If you, or your users, perform an action, you should know what you did. You can prevent unwarranted actions, such as running DELETE operations that remove too many rows, by using triggers or by allowing DELETEs only through carefully coded and tested stored procedures. If you let your users do things they shouldn’t, you’ll need to clean up your own mess. You can also set up custom auditing mechanisms to get the information you want get from the log by using SQL Trace. SQL Server 2008 provides an even richer array of auditing capabilities.

The transaction log is intended for SQL Server’s internal use, such as when performing a rollback operation or restoring data changes that you've captured in a log backup. In addition, the log lets SQL Server protect your database from being corrupted, which could happen if there were a system failure in the middle of a data modification operation. Think of what might happen if the data was updated, but SQL Server hadn't yet updated all the index pointers before the failure occurred. If there were no transaction log recording what changes were being made, SQL Server wouldn't realize upon system restart that the index structures were inconsistent and corrupt. The log lets SQL Server run recovery on system restarts and undo any incomplete operations.

Although Microsoft doesn’t provide you with the ability to read the transaction log, there are third-party products that provide this functionality. The vendors developing these tools based their work on an undocumented command, DBCC LOG, which was initially added to SQL Server to help support providers track down strange system behavior. Back when I worked for product support at Sybase, we used DBCC LOG regularly, and in fact the online Sybase documentation still includes this command.

The first commercial log reader tool, from Lumigent, was actually acquired from a small consulting company that was run by a Sybase consultant. The consultant had written a log reader tool based on his knowledge of DBCC LOG and used this tool in his consulting business. Lumigent acquired the tool and made it commercially available. Other vendors began offering log reader tools, and SQL Server Magazine published a comparative review of the Lumigent and Red Gate Software log reader products in the article "When SQL Server Tool Vendors Compete, DBAs Win."
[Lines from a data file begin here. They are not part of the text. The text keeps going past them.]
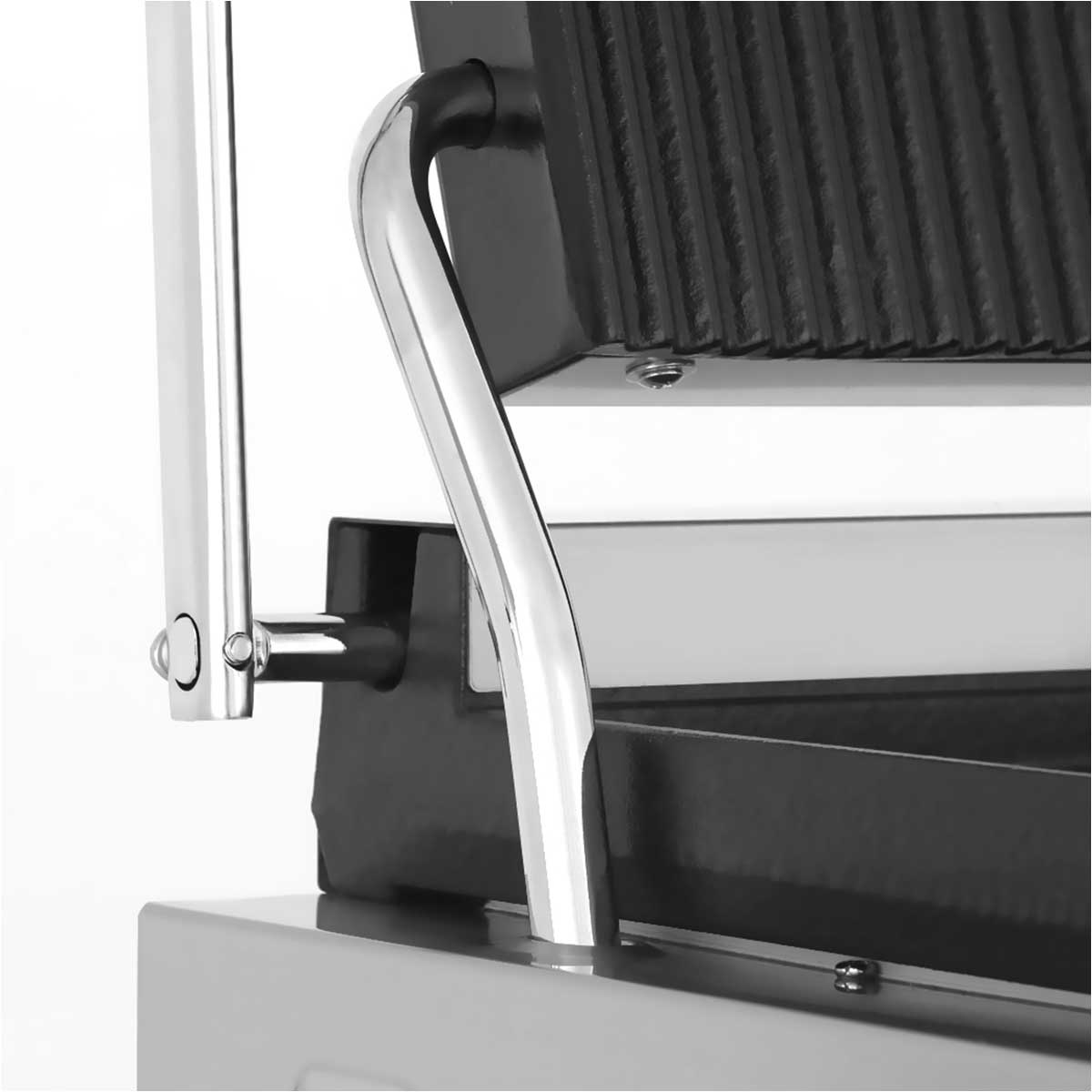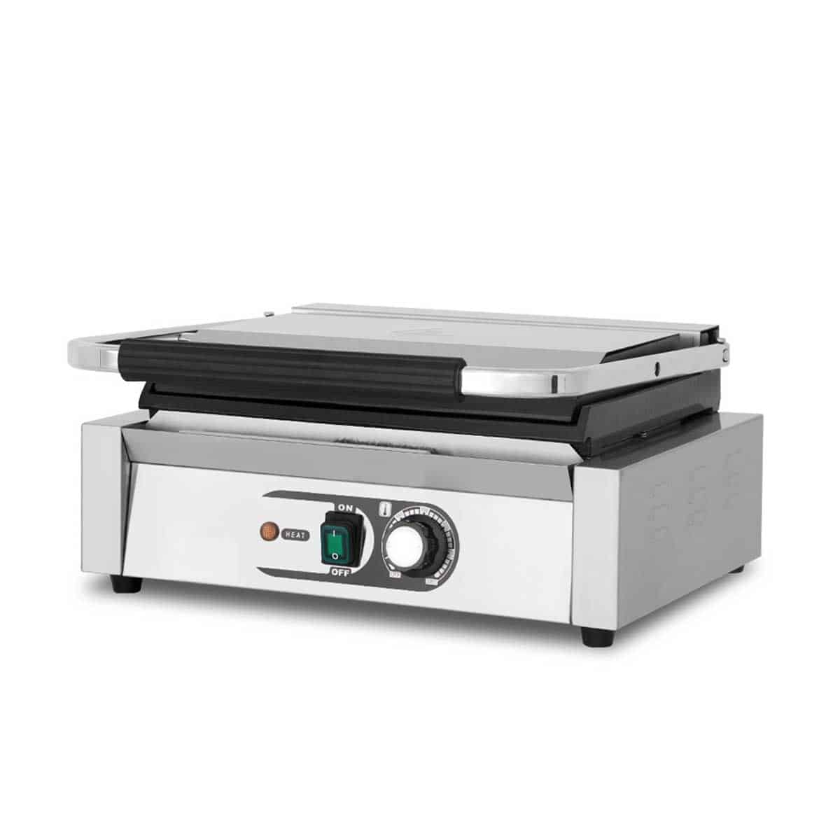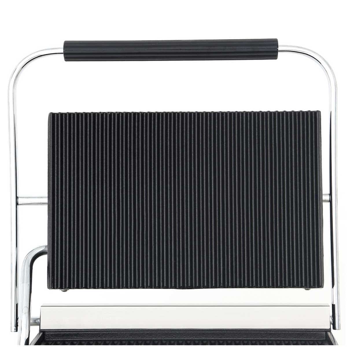 Het geribbelde oppervlak zorgt voor die kenmerkende grillstrepen op uw producten, terwijl de antiaanbaklaag ervoor zorgt dat uw gerechten niet blijven plakken en gemakkelijk te reinigen zijn. De paninigrill heeft ook een handige vetopvangbak die het overtollige vet opvangt en het schoonmaken nog eenvoudiger maakt.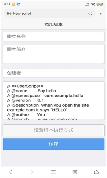 2、直接拷贝脚本代码 有时,我们面对的并非完整的脚本文件。例如,在网上发现一些有用的JS代码片段时,可通过复制/粘贴的方式将其添加到浏览器。具体操作是,前往浏览器设置》浏览器脚本,点击右上角的“添加脚本”按钮,选择“新建脚本”。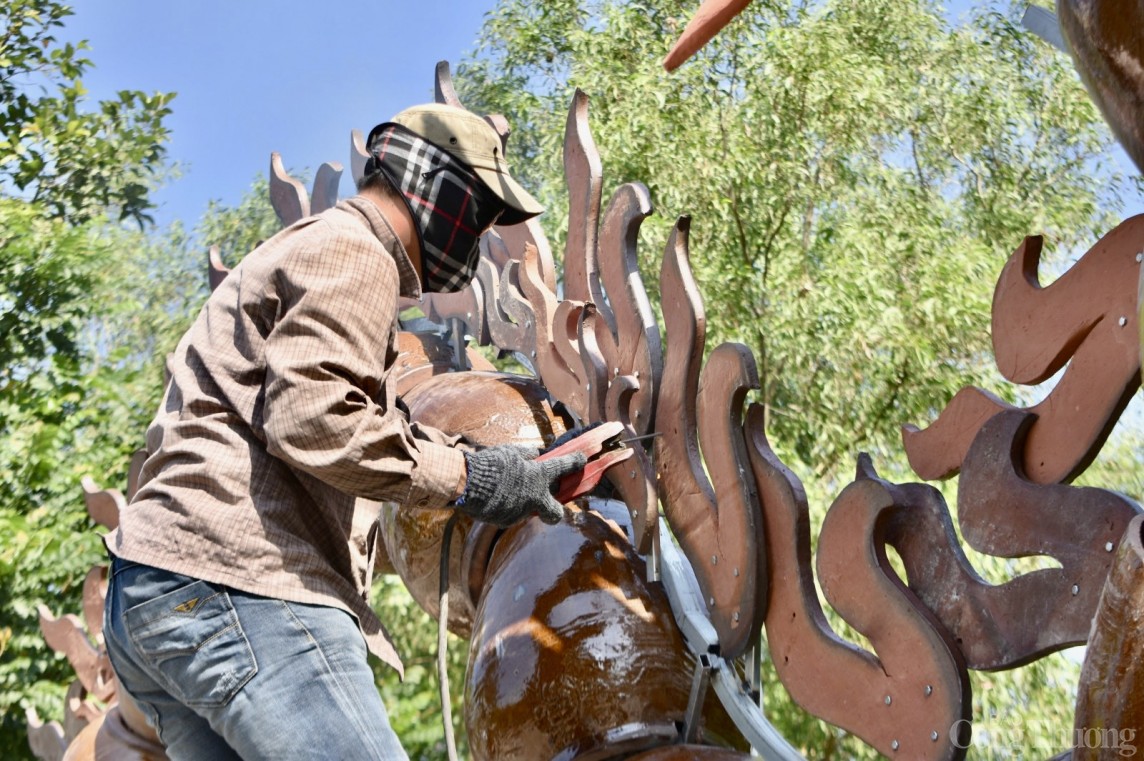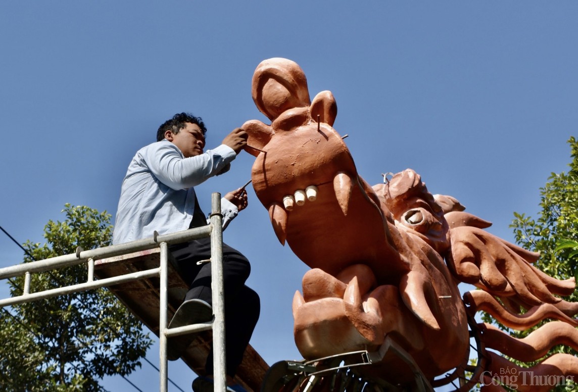 | Các nghệ nhân ở làng nghề gốm sứ Tương Bình Hiệp có rất nhiều tâm huyết để tạo hình cho hai linh vật rồng nghinh xuân Giáp Thìn 2024 vừa qua |

Looking at the article now, it's not obvious which SQL Server version is being discussed. The structure of the log records and the exact details that are returned with the DBCC LOG command changed substantially between SQL Server 2000 and SQL Server 2005, so any vendor that wrote a tool and examined the results of DBCC LOG would have to completely rewrite their product for SQL Server 2005. Throughout the review, no SQL Server version is mentioned. Finally, at the end of the review, a third log reader tool from ApexSQL is mentioned with the comment that it supports SQL Server 2005, which leads us to assume that Lumigent and Red Gate Software's tools don't support SQL Server 2005. And none of the vendors have announced support for SQL Server 2008. 

So what can you do? You can search the Internet for references to using DBCC LOG and the function that wraps around it: fn_dblog. You can try using the output from one of those commands to get an idea of what has been done to your data. However, your best course of action is to plan ahead, either by preventing unwanted changes before they happen or by defining a trace to your own specifications that you can analyze when needed.